Поклажа для Инера — страница 34 из 65

– Понял? – озорно сказал Луговкин, сидевший сзади, и положил руку на плечо задумавшегося Бабагльды.

– Что?

– Не вздумай назвать его Пачочкой?

– Но я же не тот грузин!

– Все одно ты на него похож, такой же темный…На них зашикали со всех сторон. Они замолчали, опустив глаза.

– …Наполеон как-то сказал: “Путь к сердцу воина идет через его желудок», – продолжал подполковник. Мы это хорошо знаем. Вы служите так, как предписывает Устав! А уж мы позаботимся о том, чтобы вы не были голодными. – С виду подполковник Коробочка казался человеком открытым, но понять, когда он шутит, а когда говорит серьезно, оказалось делом нелегким.

Встречи с заместителем полка по ПДП – парашютно-десантной подготовке, полковником Иценом ждали с особым нетерпением. Рассчитывая, что именно он ответит на все интересующие их вопросы о службе, главное – когда начнутся прыжки? И он удовлетворил их любопытство.

Когда очередь дошла до вопросов и ответов, с места встал смуглолиций юноша, сидевший напротив лейтенанта Буйнова. Два дня назад он рассказывал всем в курилке: “Мама у меня русская, а отец кореец, по специальности я токарь-слесарь”.

– Товарищ подполковник, когда прыжки начнутся?

– Что не терпится?

– Конечно, товарищ подполковник, не без этого.

– Вы прежде прыгали?

– Три раза.

– Тогда неплохо. Если тоскуете по небу, это хорошо. А у вас когда-нибудь появлялась мысль: А вдруг парашют не раскроется? – неожиданно спросил подполковник.

Парень не сразу нашелся, что ответить. Он растерялся и смотрел на товарищей, пытаясь понять по их лицам, что нужно ответить. Чувствовалось, как он волнуется.

– Честно говоря, когда прыгаю, немного страшновато бывает. Но только почему-то потом снова хочется прыгать.

– Спасибо тебе за правду, сынок! Могу вам сказать, что со следующей недели начнем готовиться к прыжкам.

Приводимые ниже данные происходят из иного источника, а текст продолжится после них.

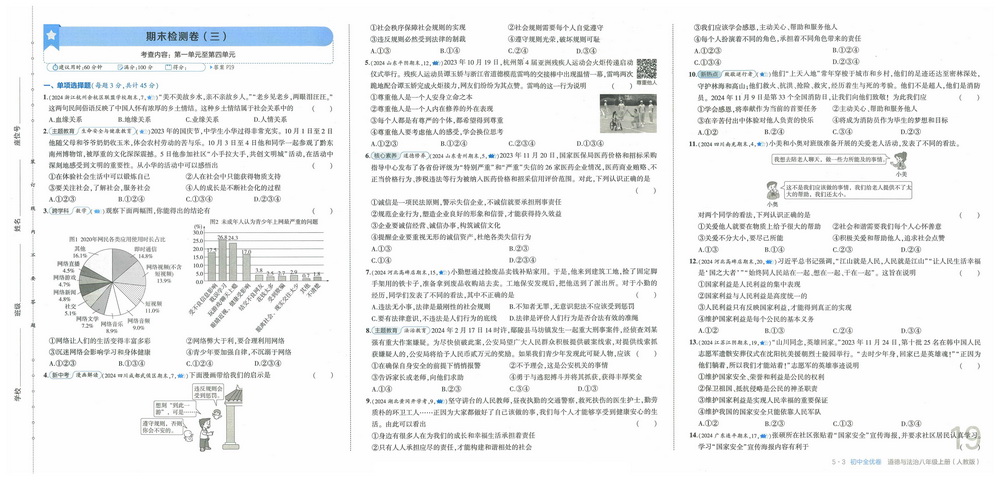 新教材人教版八年级上册道德与法治期末测试卷十三

В казарме почувствовалось заметное оживление. Ребята, решив, что после наземной подготовки очень скоро начнутся и сами прыжки, довольно переглядывались.

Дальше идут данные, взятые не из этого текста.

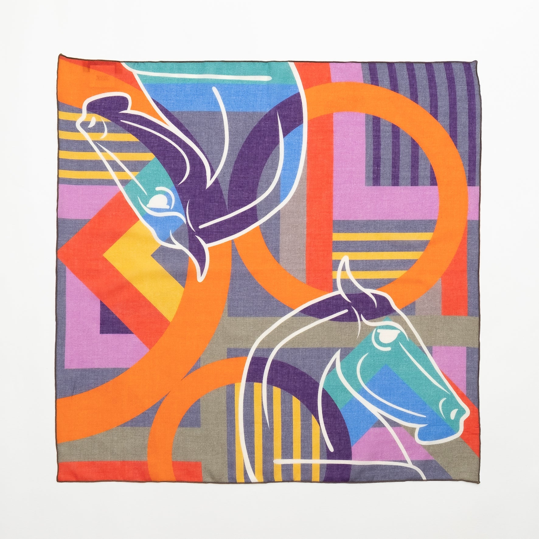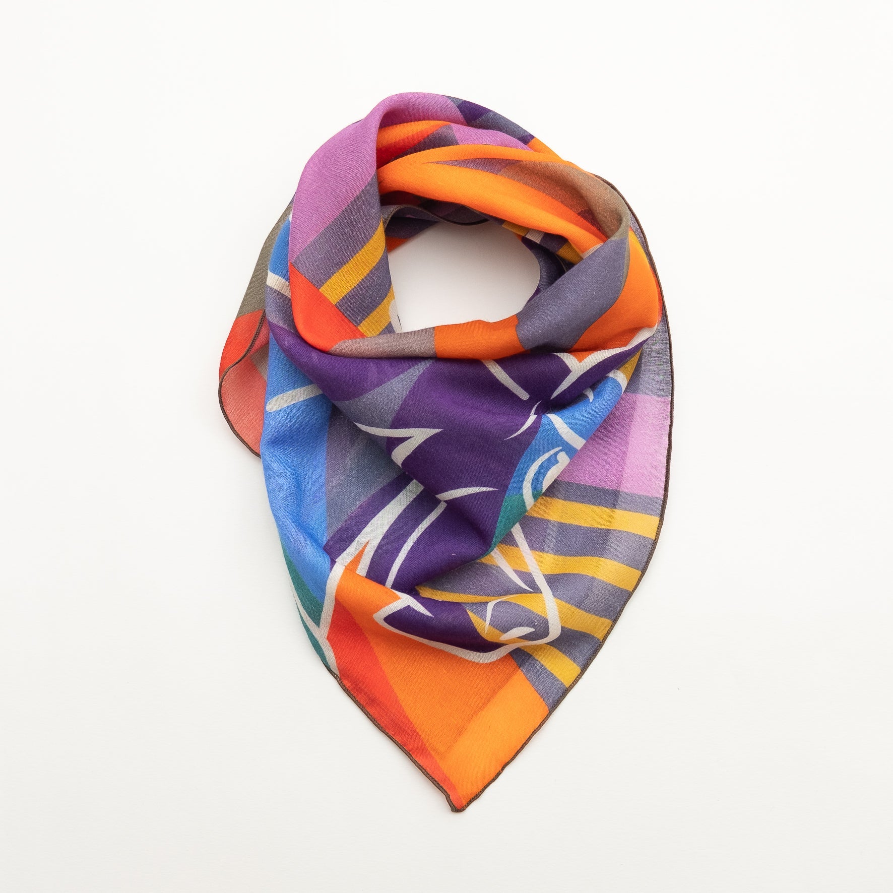イラストレーションやパターンなどをミックスし、時にクラシックで、時にポップでクスッと笑ってしまうような、独自のアートスタイルを1枚のスカーフにしています。

Широкоплечий, низкорослый юноша с белым лицом, которого товарищи вот уже несколько дней называли меж собой “Колобок», встал с места.

– Рядовой Самохин.

– Слушаю вас, рядовой Самохин, – подполковник Ицен повернулся в его сторону.

– Товарищ подполковник, а если нет желания прыгать, то можно не прыгать? – Колобок произнес эти слова тихо, но они прозвучали отчетливо в наступившей вокруг тишине. Никому в голову даже не приходила такая мысль, не то чтобы кто-то осмелился произнести ее вслух. Многие подумали, что Колобок просто боится прыгать, и все напряженно молчали, ожидая ответа подполковника Ицена.

– Можно…

Все удивленно переглянулись.

– Ну, если ты один сможешь не прыгать, когда все будут, тогда можешь не прыгать. Но думаю, что этого не случится. Ты не один, с тобой рядом коллектив, друзья, которые не допустят, чтоб ты остался в стороне… Правда?!

Самохин насупился:

– Товарищ подполковник, вы не подумайте, что я трус. Я уже сорок прыжков сделал с парашютом. И если надо, буду прыгать столько, сколько прикажут.

– Я верю тебе, сынок!

* * *

Лейтенант Буйнов ждал ребят возле столовой, чтобы отправиться с ними на полковое собрание. Другие роты уже собрались не площадке.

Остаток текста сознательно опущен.